> Aim of the exercise
Copy all data exactly. Skip pictures.

*** Data for this exercise ***

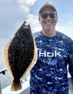 “Nature Boy” Shaun Flaherty caught this nice 22″ flounder fishing the south jetty.
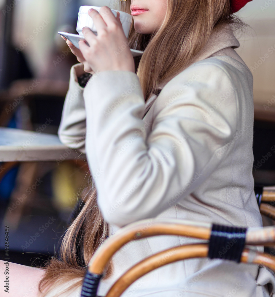 Young woman in trench coat and dress holds coffee cup and enjoys morning
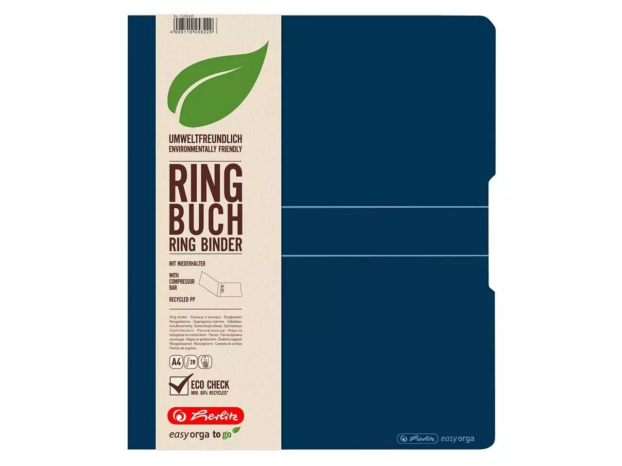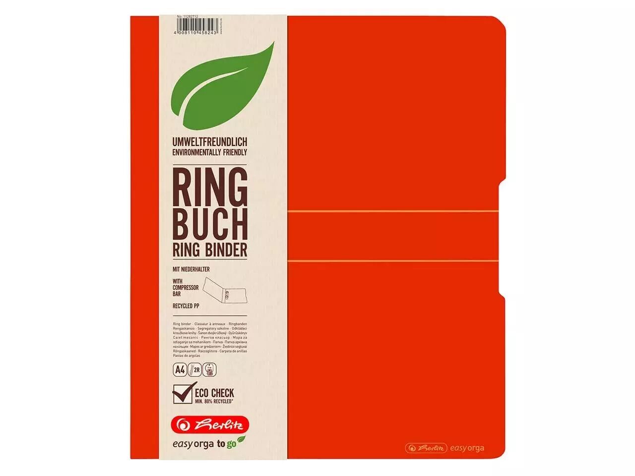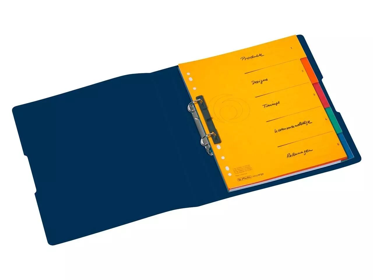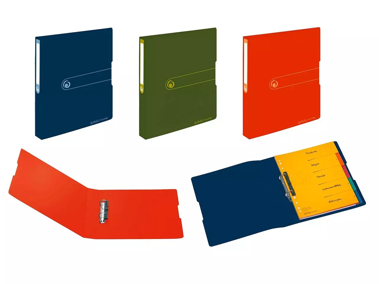 Classeur 2 anneaux «Easy orga to go», avec anneaux en D de grande qualité, équipés d'un serre page en plastique. Ce classeur est fabriqué en polypropylène recyclé, une étiquette inscriptible au dos facilite son identification. Pour format A4, largeur de dos 38 mm, diamètre de l'anneau: 25 mm.
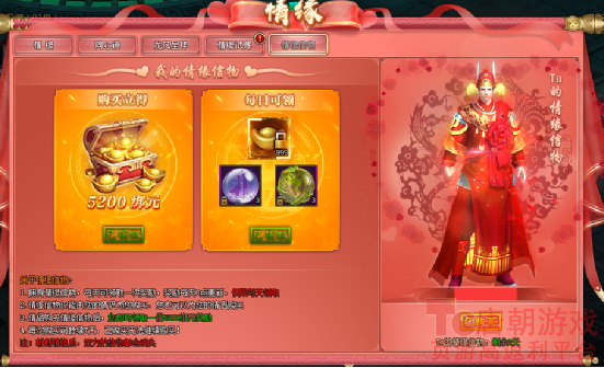 消耗5200元宝即可为情缘购买情缘信物,信物持续7天,除购买当天可领取5200绑元外,每日还可领取999绑元以及三生石*3、龙凤丹*3
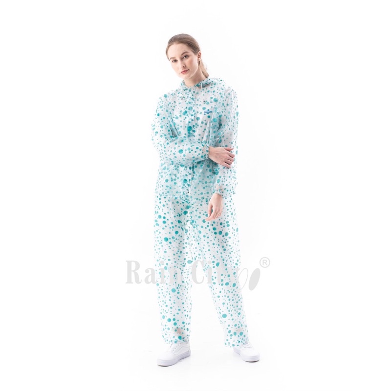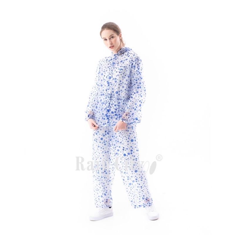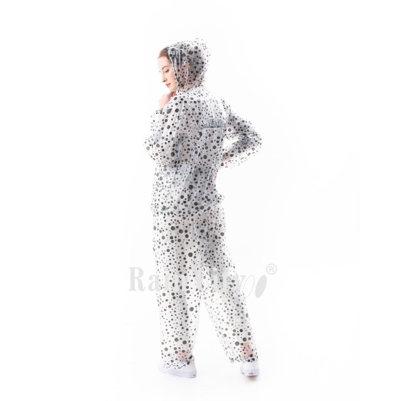 Jas Hujan Wanita Dewasa Setelan Bahan Tebal Putih Motif BIntang Stelan Star - LJM 210415
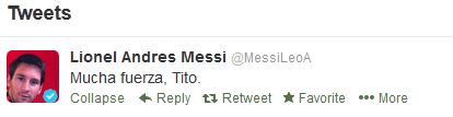 «Πολλή δύναμη (κουράγιο) Τίτο», έγραψε ο Αργεντινός σούπερ σταρ της Μπαρτσελόνα.
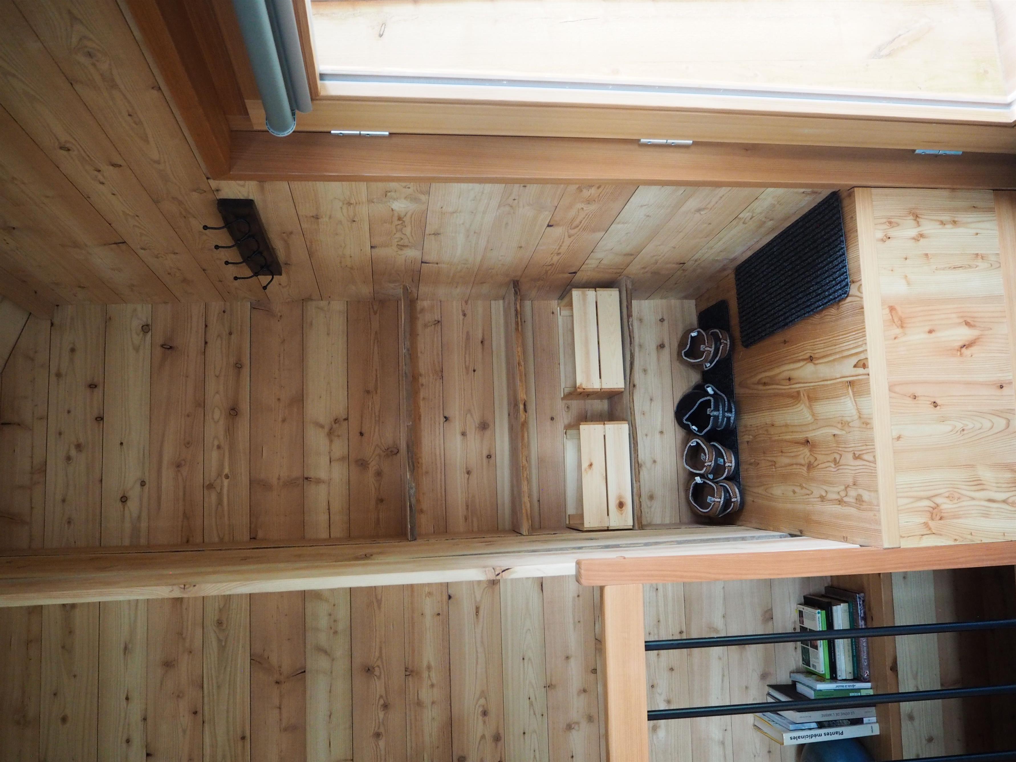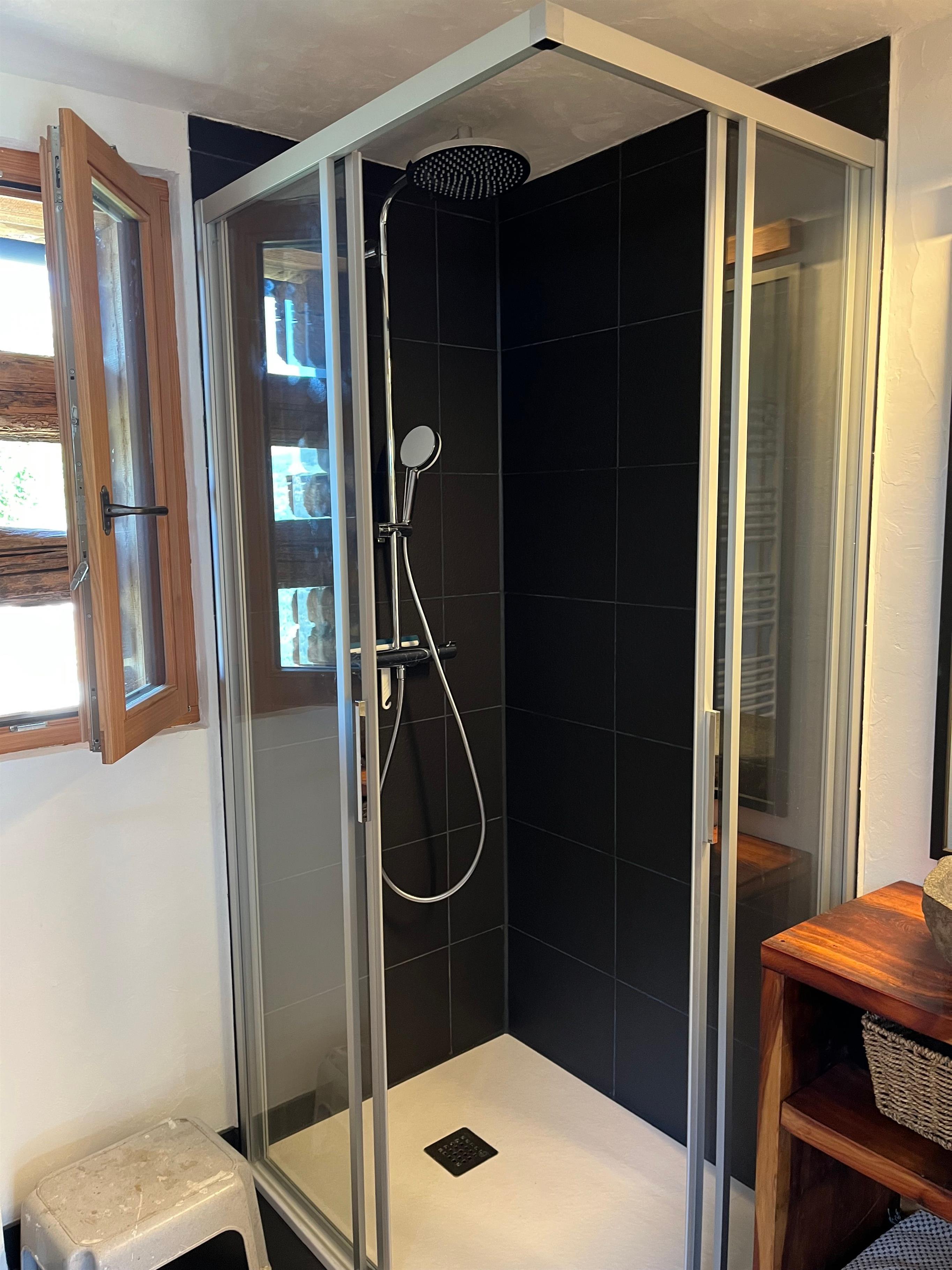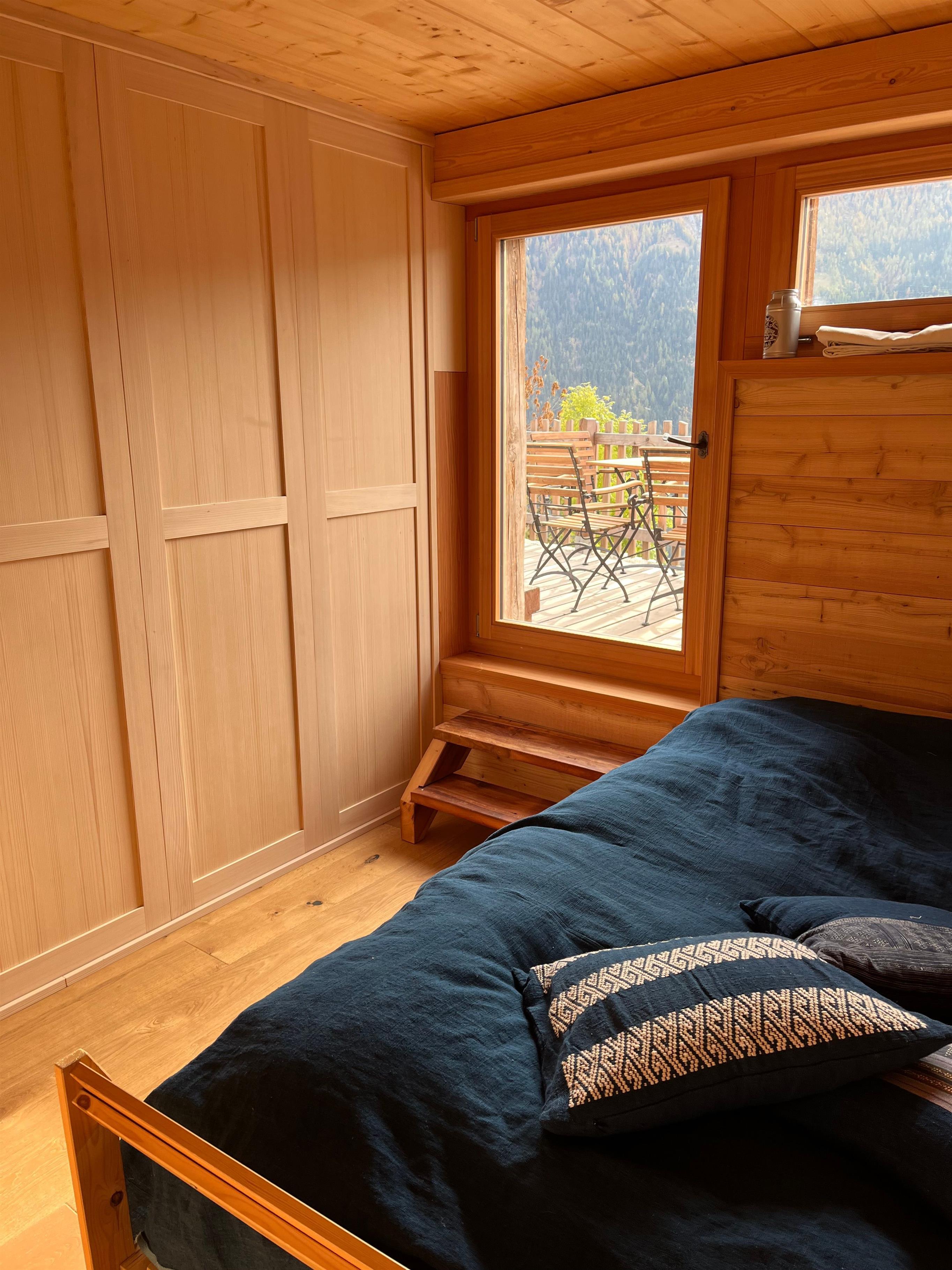Der Stallbereich für die Kühe wird für die Schlafbereiche umgebaut. Auf'étage, la partie réservée pour le foin est devenue le salon cuisine. Nous avons pensé les ouvertures pour profiter du panorama sur les montagnes et surtout pour reçevoir le soleil en hiver. En été, la grande ouverture orientée ouest vous met aux premières loges pour admirer les dernières couleurs du coucher de soleil avant la nuit. Lors de la construction, une attention particulière a été apportée pour éviter le plus possible les matériaux issus de la chimie et nocifs pour la santé (plastiques, colles et peintures).

*** End of Data for this exercise ***

> Solution to this problem
 “Nature Boy” Shaun Flaherty caught this nice 22″ flounder fishing the south jetty.
 Young woman in trench coat and dress holds coffee cup and enjoys morning
 Classeur 2 anneaux «Easy orga to go», avec anneaux en D de grande qualité, équipés d'un serre page en plastique. Ce classeur est fabriqué en polypropylène recyclé, une étiquette inscriptible au dos facilite son identification. Pour format A4, largeur de dos 38 mm, diamètre de l'anneau: 25 mm.
 消耗5200元宝即可为情缘购买情缘信物,信物持续7天,除购买当天可领取5200绑元外,每日还可领取999绑元以及三生石*3、龙凤丹*3
 Jas Hujan Wanita Dewasa Setelan Bahan Tebal Putih Motif BIntang Stelan Star - LJM 210415
 «Πολλή δύναμη (κουράγιο) Τίτο», έγραψε ο Αργεντινός σούπερ σταρ της Μπαρτσελόνα.
Der Stallbereich für die Kühe wird für die Schlafbereiche umgebaut. Auf'étage, la partie réservée pour le foin est devenue le salon cuisine. Nous avons pensé les ouvertures pour profiter du panorama sur les montagnes et surtout pour reçevoir le soleil en hiver. En été, la grande ouverture orientée ouest vous met aux premières loges pour admirer les dernières couleurs du coucher de soleil avant la nuit. Lors de la construction, une attention particulière a été apportée pour éviter le plus possible les matériaux issus de la chimie et nocifs pour la santé (plastiques, colles et peintures).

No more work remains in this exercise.